Published by the American Society of Agricultural and Biological Engineers, St. Joseph, Michigan

Citation:  2012 Dallas, Texas, July 29 - August 1, 2012  121336707.(doi:10.13031/2013.41856)
Authors:   Adrian A Koller, Jorge A Rascon, Eric Lam, Max Metcalf, Austin Childers, Bill Raun, Randy Taylor, Paul Weckler
Keywords:   Hand planter, developing world, corn production, yield increase

Maize production provides crucial food for people in third world countries, where it has not only become a staple food but also a major income source for farmers. Of roughly 34 million hectares of corn planted in the developing world, about 21 million hectares are planted by rudimentary methods that involve poking the ground with a stick and dropping the seeds into the ground. Some of the more durable tools are equipped with a heavy iron tip that enhances ground penetration. Two or more seeds planted in the same place reduces yield potential due to intraspecific interference.
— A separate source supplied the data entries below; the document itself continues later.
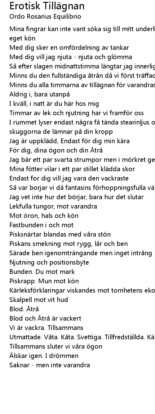 | Mina fingrar kan inte vant s ka sig till mitt underliv d jag f raktar mitt eget k n | |
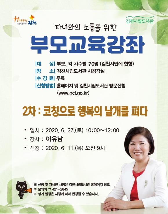 김천시립도서관, 2차 부모교육 강좌 참가자 모집
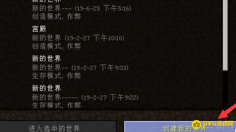 2.然后在右下角选择创建新的世界。
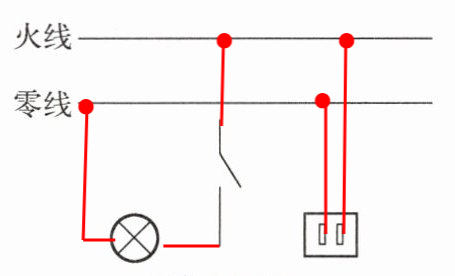 电路连接:开关串联在火线与照明灯的顶端金属点之间,照明灯的螺旋套接零线;插座左孔接零线,右孔接火线,且插座与照明灯并联(对应画出符合要求的电路图即可)。
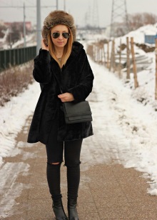 Long coats of classic colors from a sheared mouton with a stand-up collar (protecting the neck from drafts and wind) look rather harmonious on fashionistas, and create a vintage and original look.
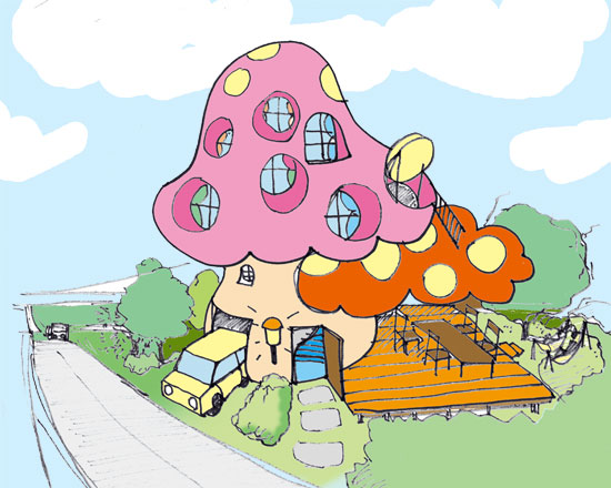 子供がやってきて 「りそうのいえ」を考えたから 書いてみてと言ってきました。 「?こんな感じで」 な…
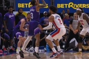 挑战成功!基昂特·乔治贴着CC出手三分吹进攻犯规&爵士挑战成功
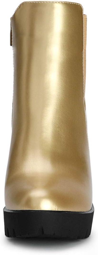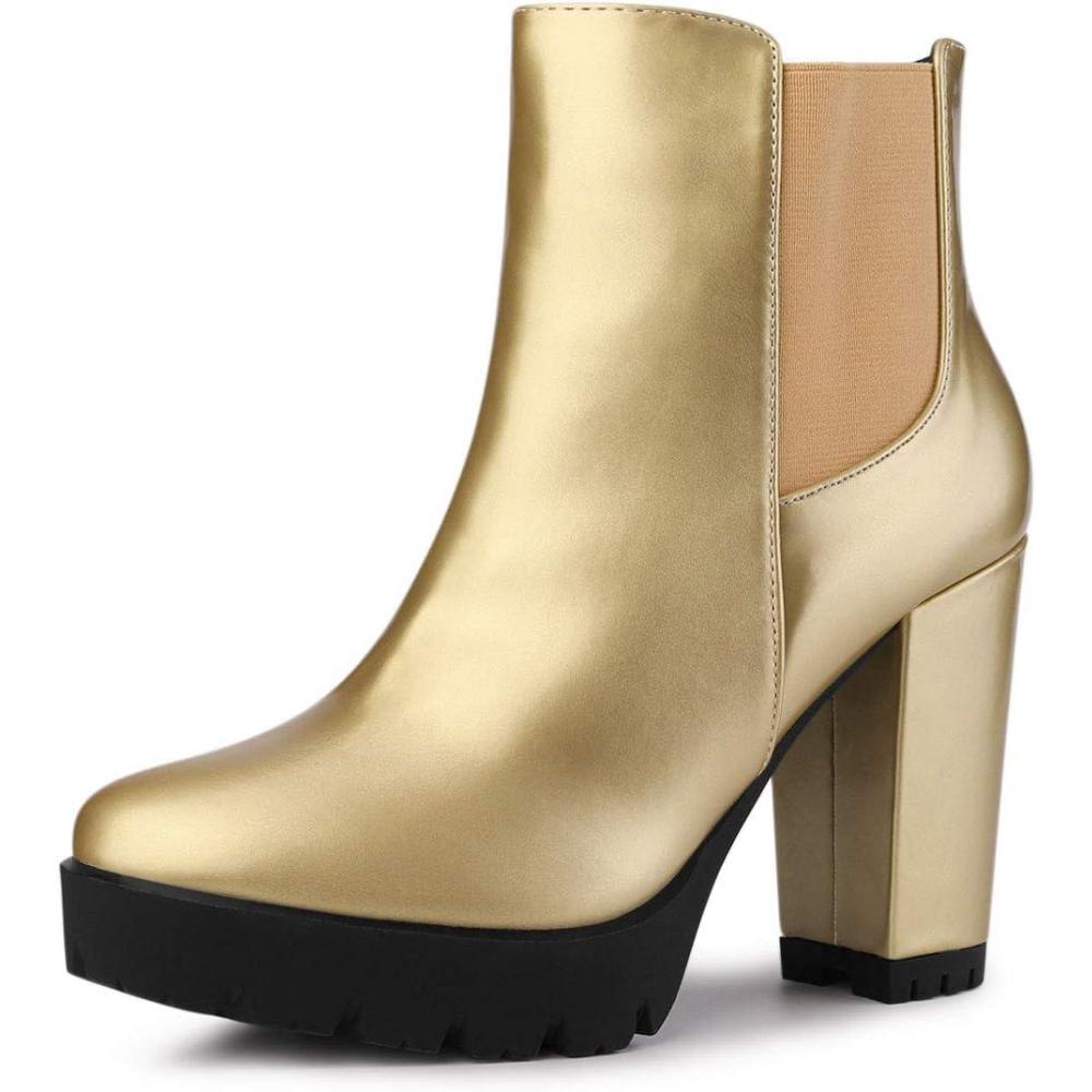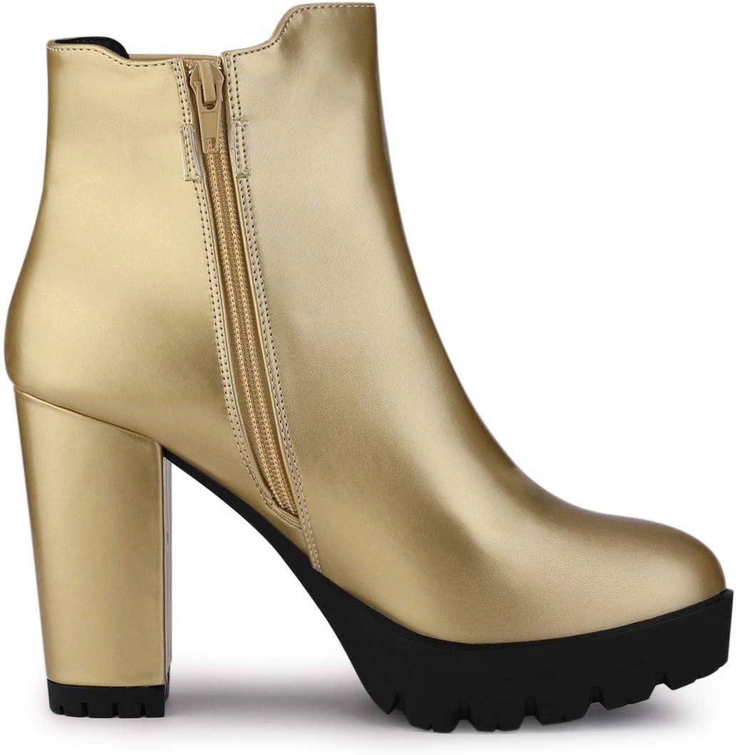 Allegra K Women’s Round Toe Zipper Block Heel Platform Ankle Boots(Gold)
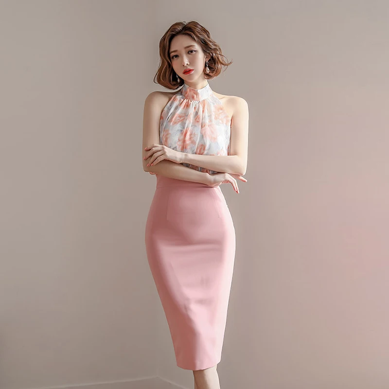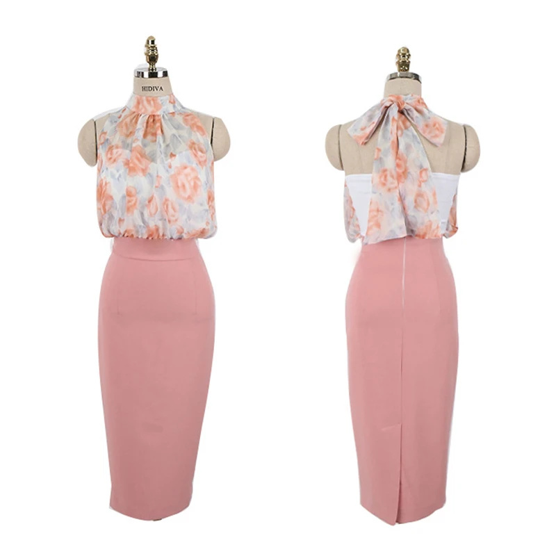 Женский комплект из двух предметов, элегантная Облегающая рубашка с принтом и облегающий Офисная Женская юбка-карандаш, простой элегантный летний комплект из двух предметов
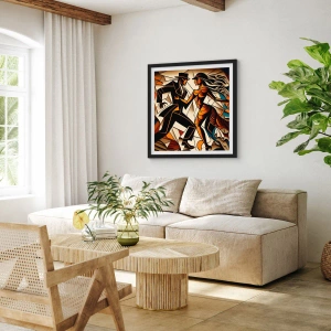 Plakat w czarnej ramie - Dynamiczna para tańcząca w abstrakcyjnej formie - 100x70cm - Taniec pasji i namiętności - Nowoczesna dekoracja ścienna do salonu i sypialni ARTTOR
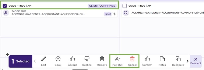 • Pull Out - Member : Is used to remove a member from a booked shift after they have already accepted it. This can happen if, for example, the member needs to withdraw from the shift for any reason after being confirmed. When a member is pulled out, their status is updated, and a reason for the withdrawal is recorded. This helps keep records accurate and allows the shift to be re-allocated to someone else if needed. This option will change the shift status from Client Confirmed for example to Member Pulled Out. For more info, click here: How to pull out a member from a booked shift.
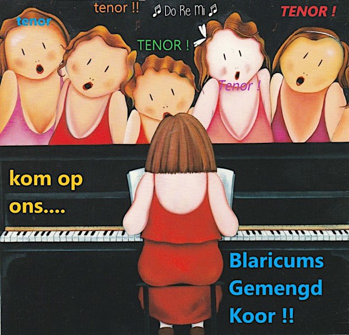 Het BGK (Blaricums Gemengd Koor) is al een tijdje aan het zoeken naar tenoren. Op onze zoektocht dienen zich wél steeds nieuwe leden aan zoals bassen, alten en sopranen, maar wáár blijven die tenoren ??? Het zou zó fijn zijn om de balans terug te krijgen in de stemmen! Op woensdagavond van 19.45u tot 22.00u repeteren we in de Blaercom aan de Schoolstraat. U mag altijd komen luisteren en misschien voorzichtig meezingen of dít koor geschikt voor u is. Meer info op http://www.bgk-koor.nl.
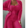 Damski pluszowy 3-częściowy garnitur piżamowy sznurowany, casualowy, jednolity kolor, obcisłe spodnie na ramiączkach, długa kurtka, do noszenia w domu
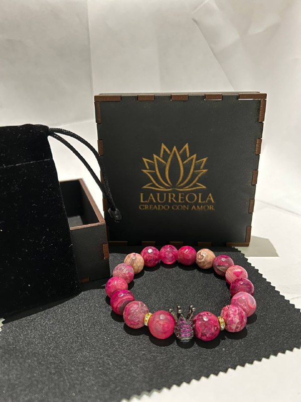 Compuesta de piedra ágata rosa ideal para liberarte del estrés, absorbe las energías negativas, mejora la concentración y protege de los malos sueños.
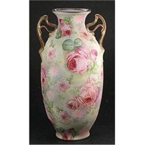 Royal Bayreuth Tapestry China is so named because of its rough finish similar in texture to needlepoint tapestry. This effect was obtained by the process of wrapping the article in coarse cloth, then baking. The cloth was consumed in the baking and the desired tapestry effect resulted. The beautiful Pink Roses pattern with floral decoration, was added over the glaze. The bottom has the Royal Bayreuth blue stamp dating it back to the early years off the 20th century. This outstanding 9 1/2 inch tall vase features ornate gold painted handles, dozens of pink roses, all against their rich Tapestry background. With the exception of only slight wear to the gold, this vase, is in excellent condition without any damage, or crazing, etc
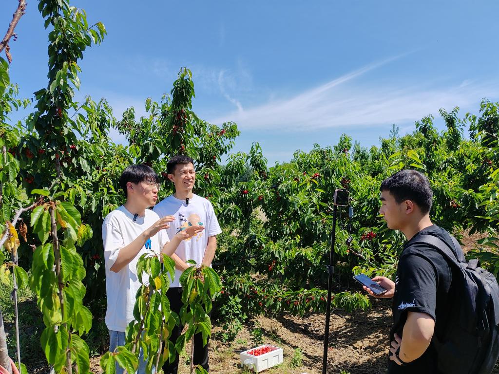 近年來,合作社還積極拓展電商、直播帶貨等銷售渠道。記者爬上南莊村的東山,在掛滿果實的櫻桃樹間走訪時,恰逢煙臺當地一直播團隊給濰坊電視臺做直播帶貨節目。兩名年輕小伙背靠櫻桃樹,向直播鏡頭前的觀眾介紹目前果實的狀況。

Also in-row plant spacing is generally too large, again reducing the potential yield. The objective of this work is to design and develop a hand-operated, robust, light-weight, novel stick planter that is able to singulate seeds into the ground. The key design elements of the stick planter consist of a reciprocating drum for seed singulation and an extension spring system providing the restoring force.